→ **PROBLEM**
Return all of the entries exactly, but do not include the pictures.

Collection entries
========================================================================

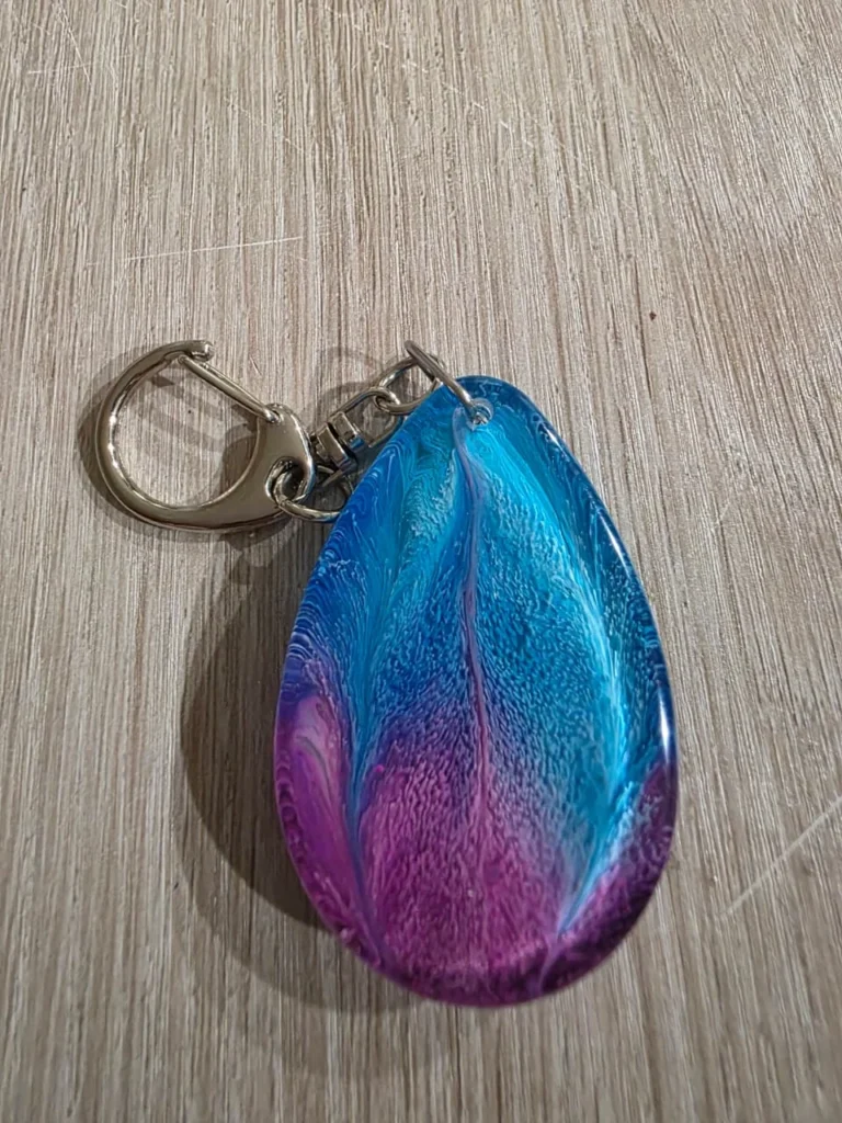 A handcrafted resin keychain named ‘Azure Bloom’, capturing swirls of color and fantasy essence, polished to perfection.
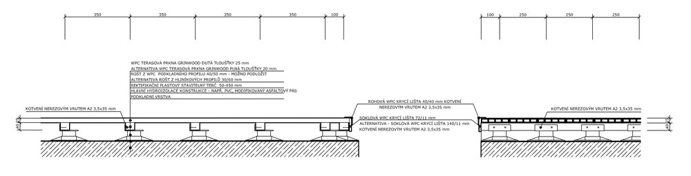 - konce terasových prken musí být vždy podloženy podkladním hranolem bez ohledu na dodržení roztečí 35cm
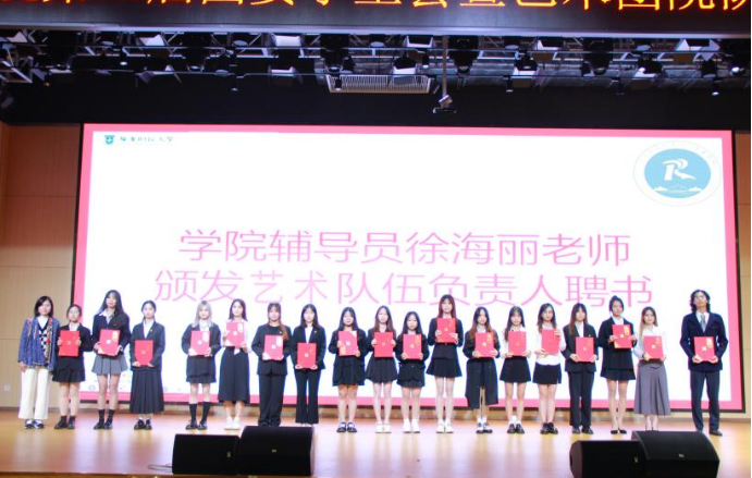 公司辅导员徐海丽老师颁发艺术团队伍干部聘书
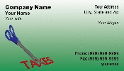 Image is a render of blue handled scissors cutting the word TAXES. Template could be used for business planning or tax preparer interests.
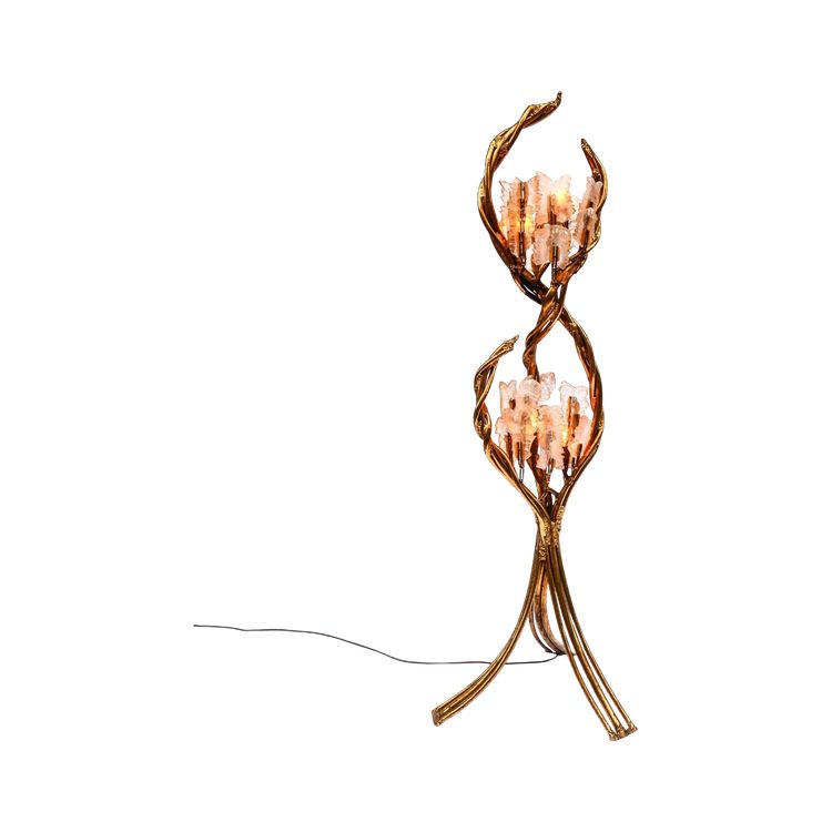 Striking two-light sculptural floor lamp signed Henri Fernandez, a French designer active in the 1970s and renowned for his intricate work in gilded bronze and brass with organic, opulent forms. The structure, crafted in gilt brass, evokes intertwined branches or vines, supporting two luminous clusters adorned with natural rock crystal elements. These crystalline forms diffuse a warm, precious light and create a bold, dramatic visual impact. A rare and collectible piece, perfectly representative of 1970s French brutalist and baroque-inspired design.

========================================================================

→ **RESULT FOR THIS EXERCISE**
 A handcrafted resin keychain named ‘Azure Bloom’, capturing swirls of color and fantasy essence, polished to perfection.
 - konce terasových prken musí být vždy podloženy podkladním hranolem bez ohledu na dodržení roztečí 35cm
 公司辅导员徐海丽老师颁发艺术团队伍干部聘书
 Image is a render of blue handled scissors cutting the word TAXES. Template could be used for business planning or tax preparer interests.
 Striking two-light sculptural floor lamp signed Henri Fernandez, a French designer active in the 1970s and renowned for his intricate work in gilded bronze and brass with organic, opulent forms. The structure, crafted in gilt brass, evokes intertwined branches or vines, supporting two luminous clusters adorned with natural rock crystal elements. These crystalline forms diffuse a warm, precious light and create a bold, dramatic visual impact. A rare and collectible piece, perfectly representative of 1970s French brutalist and baroque-inspired design.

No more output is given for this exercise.